# [SOLVED] Optimizing a matrix transpose function with OpenMP

## Issue

I have this code that transposes a matrix using loop tiling strategy.

``````void transposer(int n, int m, double *dst, const double *src) {
int blocksize;
for (int i = 0; i < n; i += blocksize) {
for (int j = 0; j < m; j += blocksize) {
// transpose the block beginning at [i,j]
for (int k = i; k < i + blocksize; ++k) {
for (int l = j; l < j + blocksize; ++l) {
dst[k + l*n] = src[l + k*m];
}
}
}
}
}
``````

I want to optimize this with multi-threading using OpenMP, however I am not sure what to do when having so many nested for loops. I thought about just adding `#pragma omp parallel for` but doesn’t this just parallelize the outer loop?

## Solution

When you try to parallelize a loop nest, you should ask yourself how many levels are conflict free. As in: every iteration writing to a different location. If two iterations write (potentially) to the same location, you need to 1. use a reduction 2. use a critical section or other synchronization 3. decide that this loop is not worth parallelizing, or 4. rewrite your algorithm.

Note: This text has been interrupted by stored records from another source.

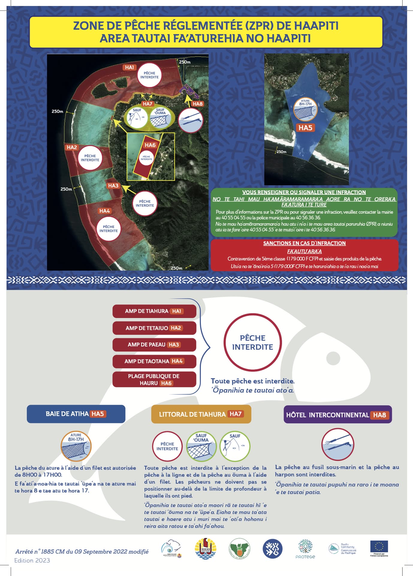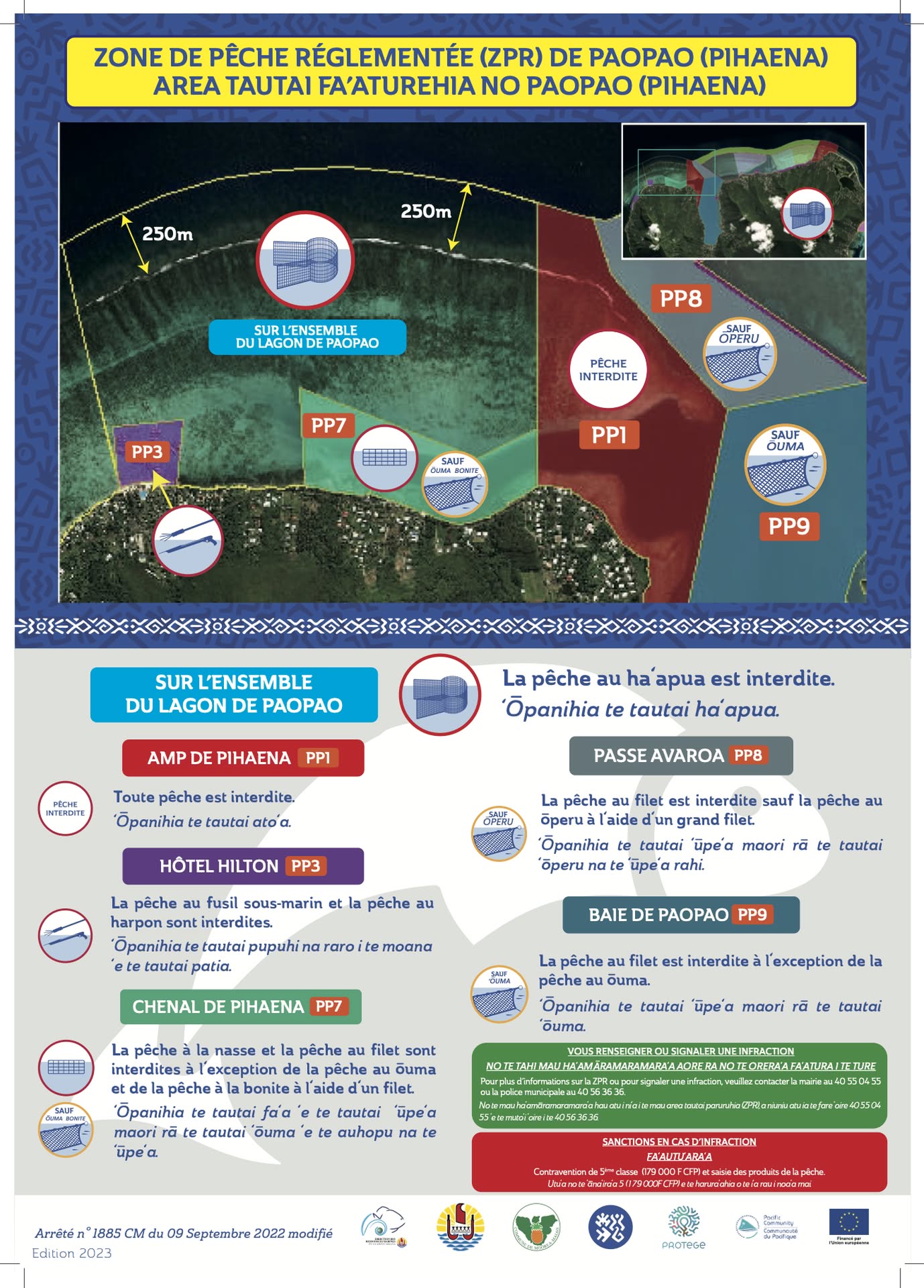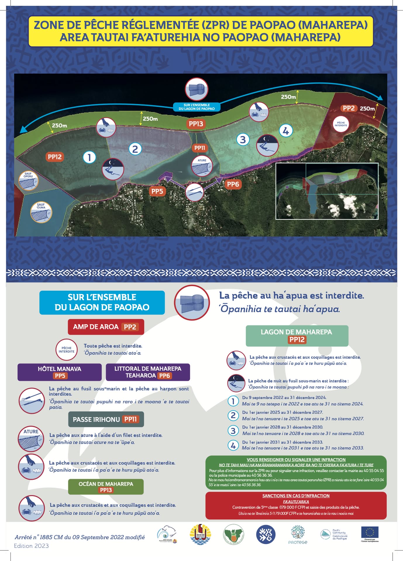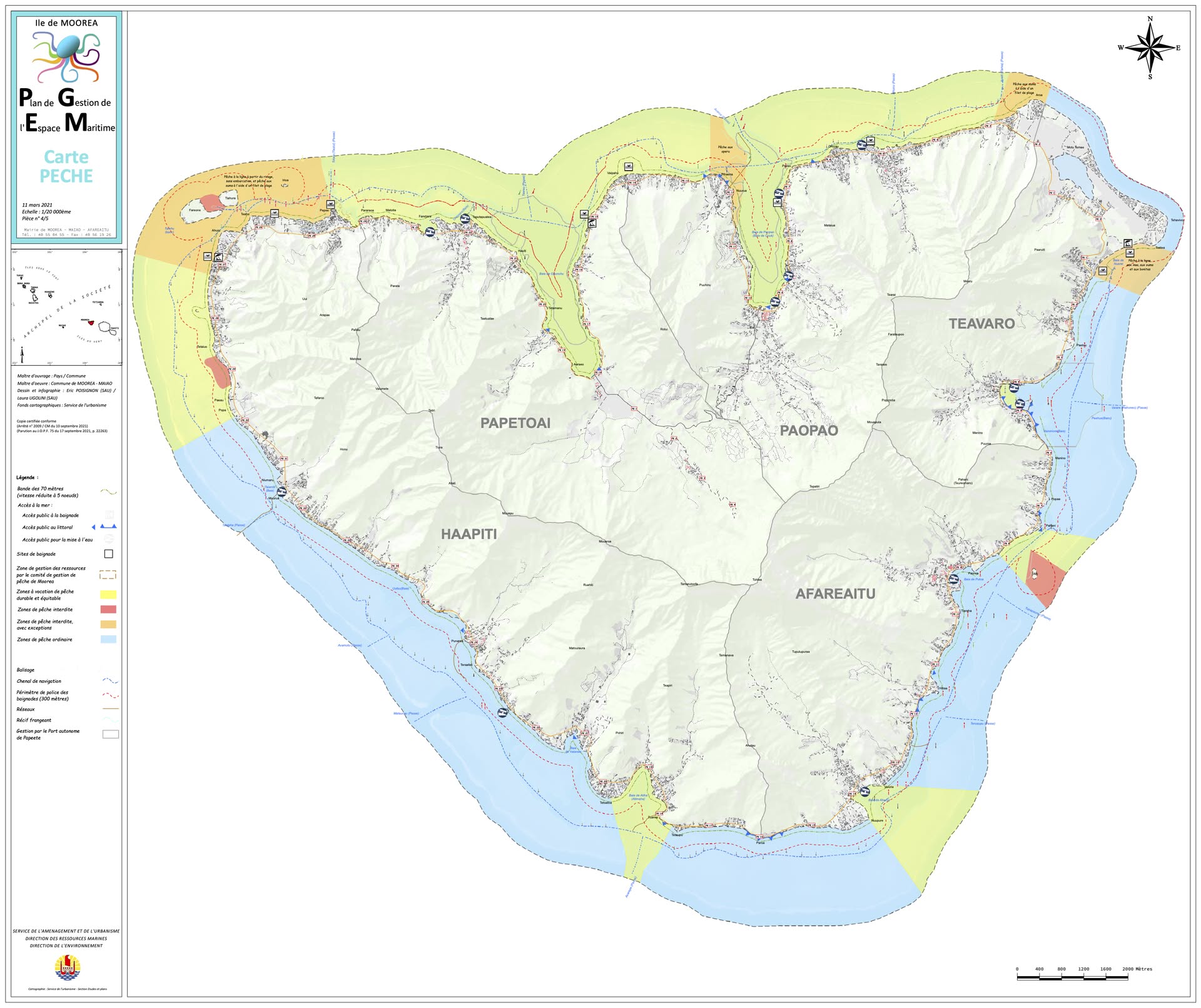 Pour la pêche sur Moorea, se référer à l’ arrêté n° 1885 CM du 9 septembre 2022 réglementant la pêche sur l’espace maritime au droit de la commune de Moorea-Maiao :
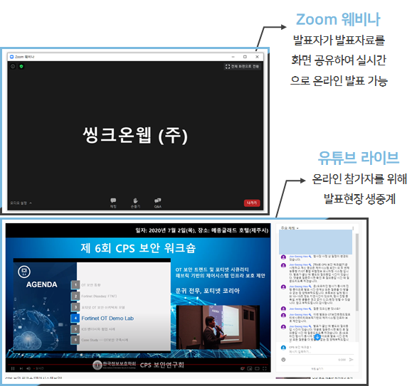 씽크온웹에서 진행하고 있는 온라인 학술대회의 종류는 온라인 학술대회, 온오프라인 학술대회, 오프라인 학술대회 행사지원 크게 3가지로 나눌 수 있습니다. 그중 온오프라인 학술대회와 오프라인 학술대회 행사지원은 실시간으로 진행되는 행사를 유튜브로 실시간 스트리밍 하거나, ZOOM 웨비나를 이용하여 실시간 온라인 발표를 하는 방식으로 진행됩니다.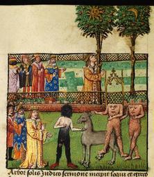 Keywords: Alexander and his companions consult the prophetic trees of the Sun and the Moon; Alexander meeting a black-legged monster man, a horse-lion and headless men (f. 84v.).jpg en Alexander and his companions consult the prophetic trees of the Sun and the Moon; Alexander meeting a black-legged monster man a horse-lion and headless men f 84v Late 15th Century Illumination on parchment Institution National Library of Wales Peniarth MS 481D object history credit line From Latin text of Historia de preliis Alexandri Magni ˜The History of Alexander ™s Battles ™ J1 version based on a 10th century translation into Latin by Leo of Naples of a Greek text ff 30-98 accession number This digital image can be seen in its original context http //www llgc org uk/digitalmirror/pei/PEI00002/index html lng en here Cc-zero Uploaded with UploadWizard Images uploaded as part of NLW - WMUK collaboration Miniatures of Alexander the Great Flemish paintings Welsh manuscripts Peniarth 481D 084v |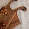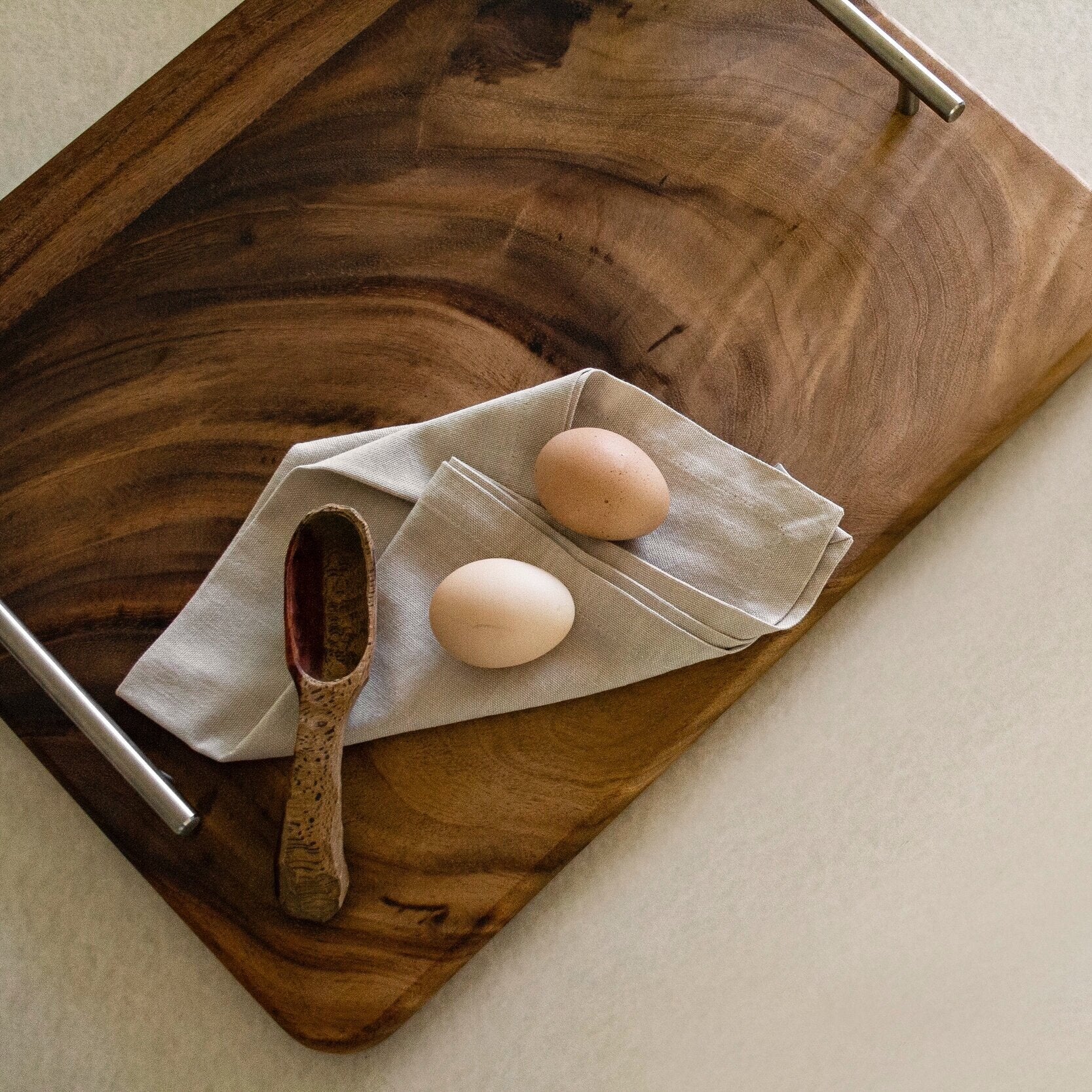 Charola elaborada en madera de parota con agarraderas de metal cuadra con cera de abeja de grado alimenticio.
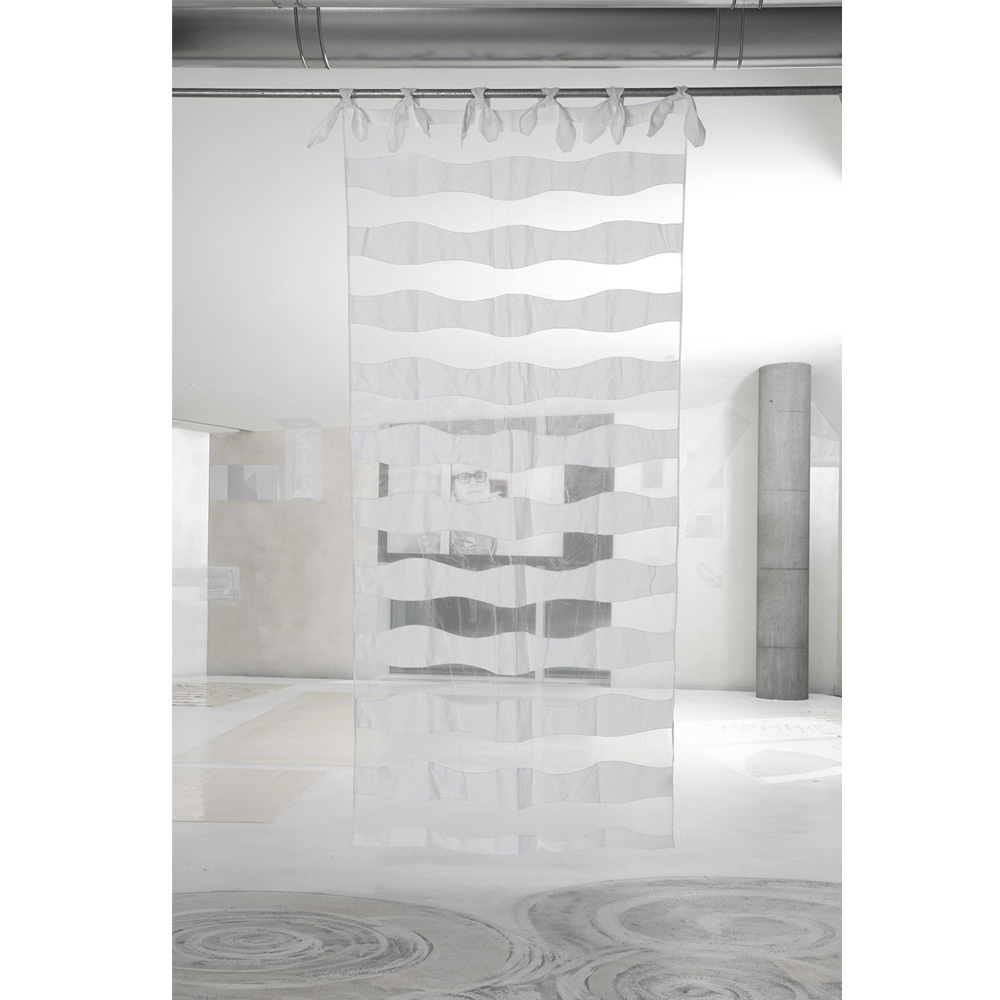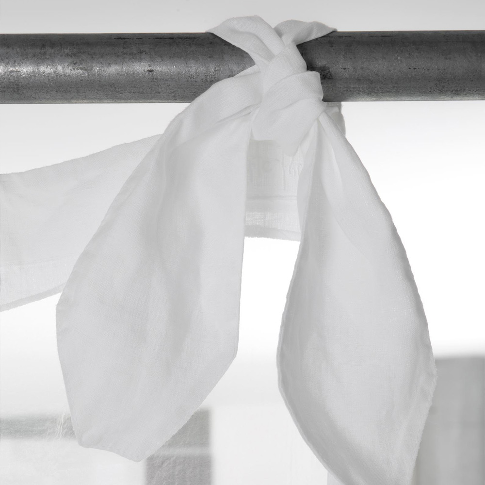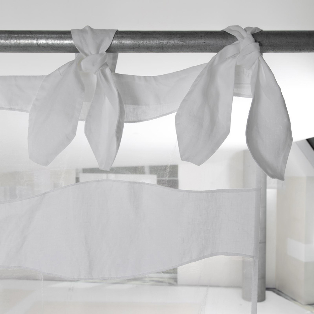 Bílý plátěný a organzový závěs s vlněnou výšivkou a šněrováním, ručně vyráběná kvalita vyrobená v Itálii.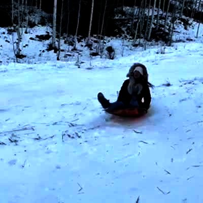 A woman sleds down a snow covered driveway and tumbles out of the sled, does a somersault and lands back into the sled before continuing down the driveway.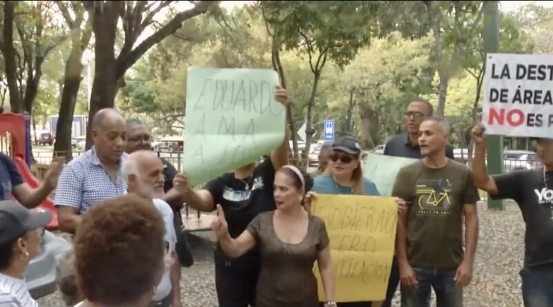 Residentes del sector Los Jardines del Norte protestaron este miércoles en el Parque Crisantemo, en rechazo a la supuesta ampliación de la avenida Los Próceres, en el Distrito Nacional.
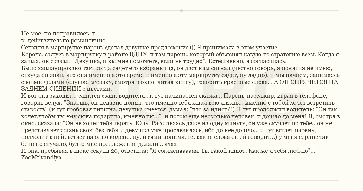 Не мое, но понравилось, т. к. действительно романтично. Сегодня в маршрутке парень сделал девушке предложение))) Я принимала в этом участие. Короче, сажусь в маршрутку в районе ВДНХ, и там парень, который объяснял какую-то стратегию всем. Когда я зашла, он сказал: "Девушка, и вы мне поможете, если не трудно". Естественно, я согласилась. Было запланировано так: когда сядет его избранница, он даст нам сигнал (честно говоря, я понятия не имею, откуда он знал, что она именно в это время и именно в эту маршрутку сядет, ну ладно), и мы начнем, занимаясь своими делами (слушая музыку, смотря в окно, читая книгу), говорить красивые слова... А ОН СПРЯЧЕТСЯ НА ЗАДНЕМ СИДЕНИИ с цветами. И вот она заходит... садится сзади водителя.. и тут начинается сказка... Парень-пассажир, играя в телефоне, говорит вслух: "Знаешь, он недавно понял, что именно тебя ждал всю жизнь... именно с тобой хочет встретить старость" (и тут гробовая тишина, девушка смеется, думая: "что за идиot?!) И тут продолжил водитель: "Он так хочет,чтобы ты ему сына подарила, именно ты...", и потом еще несколько человек, и дошло до меня! Я, смотря в окно, сказала: "Он не хочет тебя терять, Юль. Расставаясь даже на одну минуту, он уже скучает по тебе...он не представляет жизнь свою без тебя".. девушка уже прослезилась, ибо до нее дошло... и тут встает парень, подходит к ней, встает на одно колено, ну, и сами понимаете, какие слова он ей говорит...) у меня сердце так бешено стучало, будто мне предложение делали... ахах И она, пребывая в шоке секунд 20, ответила: "Я согласнаааааа. Ты такой идиot. Как же я тебя люблю"... ZooMflyandiya
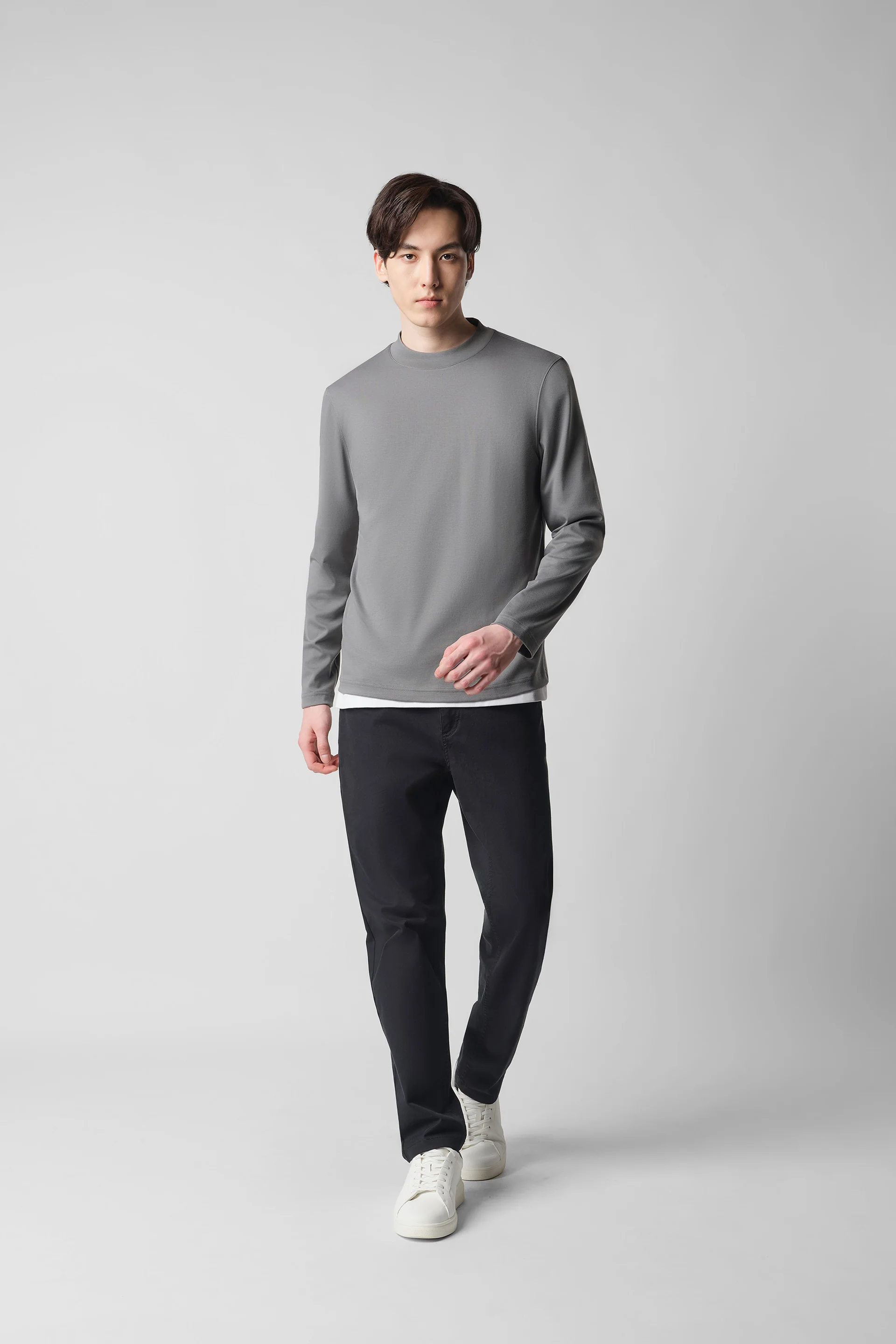 Merino-Blend Mock Neck Long Sleeve T-Shirt | Grey GYE145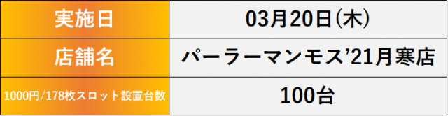 3月20日(木)パーラーマンモス’21月寒店にて、DMMぱちタウンの新感覚取材「スロセレ低貸ver.」を実施。

In your case, the write location depends on `k,l`. Since `k<n` and `l*n`, there are no pairs `k.l` / `k',l'` that write to the same location. Furthermore, there are no two inner iterations that have the same `k` or `l` value. So all four loops are parallel, and they are perfectly nested, so you can use `collapse(4)`.

You could also have drawn this conclusion by considering the algorithm in the abstract: in a matrix transposition each target location is written exactly once, so no matter how you traverse the target data structure, it’s completely parallel.